Quali erano i metodi di evangelizzazione?
La predica era un momento fondamentale: catechesi e fedeltà al Papa. Mettevamo in guardia dal pericolo del tradimento della fede e della Chiesa. Non predicavamo solo con le emozioni. Cercavano di dare convinzioni, di rendere salda la fede. Era stupendo quando i giovani si avvicinavano e dicevano di voler diventare sacerdoti. Devo dire che la nostra vita nella clandestinità era gioiosa.
Quando si parla di "Chiesa del silenzio" io non sono completamente d'accordo. Noi parlavamo, noi vivevano, noi lavoravamo. Noi abbiamo pregato e abbiamo lottato contro l'ateismo militante. Così non sono d'accordo quando si dice che la Chiesa è "risorta". Ci hanno oppressi ma non ci hanno mai uccisi. Ovviamente tutto è cambiato con il 1991. Posso dire che la nostra Chiesa ha vissuto con Cristo, ha portato la Croce fino sul Golgota.
Che cosa significa per lei la visita del Papa nella sua terra?
Considero la visita del Papa un grande dono.
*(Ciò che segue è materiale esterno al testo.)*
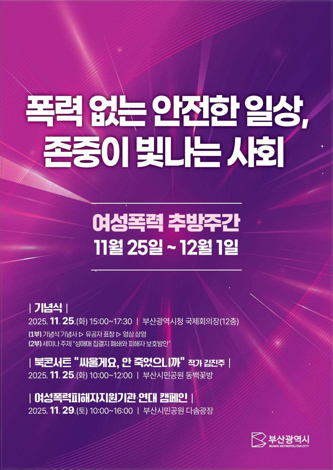 이와 함께 부산시는 여성폭력 피해 지원기관과 협력해 다양한 행사와 홍보활동을 펼친다. 25일 오전 10시에는 부산시민공원 동백꽃방에서 김진주 작가와 함께하는 북콘서트 ‘싸울게요, 안 죽었으니까’가 열린다. 전시회는 시청 지하통로(24~28일)와 시민공원 다솜갤러리(24~30일)에서 진행되며, 부산역·서면 일대 다중집합장소 10곳에서는 25일부터 27일까지 릴레이 캠페인이 펼쳐진다. 29일에는 시민공원에서 피해자 지원기관 연대 캠페인과 시민 참여형 홍보 부스도 운영된다.
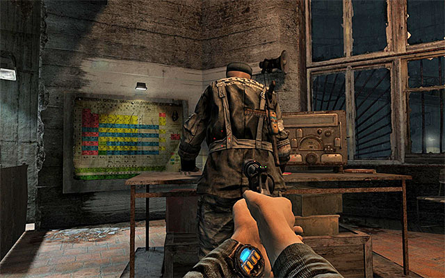Move ahead. Starting from this point it would be good to neutralize all light sources along your way, thus increasing the effectiveness of remaining hidden. Unscrew the light bulb in the right lamp and then use the silenced revolver to destroy a reflector visible in a distance. Watch out for the guard heading there. You do not have to personally deal with him, because Pavel will eliminate him. You might of course examine the body, because in addition to standard supplies the guard has with him a machine gun.
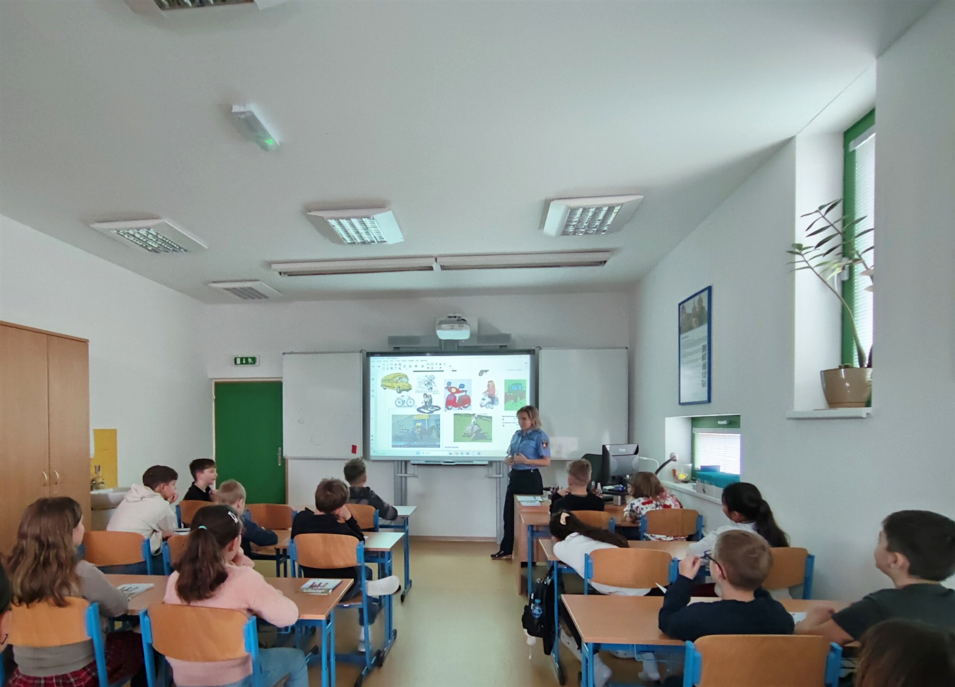 9. prosince jsme jeli do Třebše na besedu s Městskou policií. Tématem setkání byly dopravní předpisy, se kterými jsme se seznamovali. Na jaře nás totiž čekají jízdy na kole po dopravním hřišti.

È una ricompensa per la nostra fedeltà e per le nostre sofferenze. Dio manda Pietro in mezzo a noi. Oggi la nostra gioia è più grande. Sotto il comunismo la gioia scaturiva dalla fede. Il lottare strenuamente contro l'ateismo ci dava gioia. In quasi 40 anni di clandestinità io non ho mai saltato un solo giorno la Divina Liturgia. Mai, neppure nei lager. Anche se la casa dove celebravo era circondata dal Kgb io non ho mai interrotto la celebrazione. Po sono scappato dalla finestra! Eravamo felici perché sicuri che avremmo vinto. Così andavamo di villaggio in villaggio.
Le beatificazioni saranno un momento storico. Una gioia indescrivibile. Noi molti di questi martiri li abbiamo conosciuti personalmente. Il loro messaggio è chiaro: bisogna avere una fede solida e bisogna perseverare nella fede. La nostra Chiesa ha salvaguardato l'unità con il Papa. Questo legame è stato decisivo per noi. Abbiamo mantenuto l'unità. Ecco ciò che abbiamo fatto e che oggi diciamo al mondo. La persecuzione è stata il trionfo della nostra Chiesa.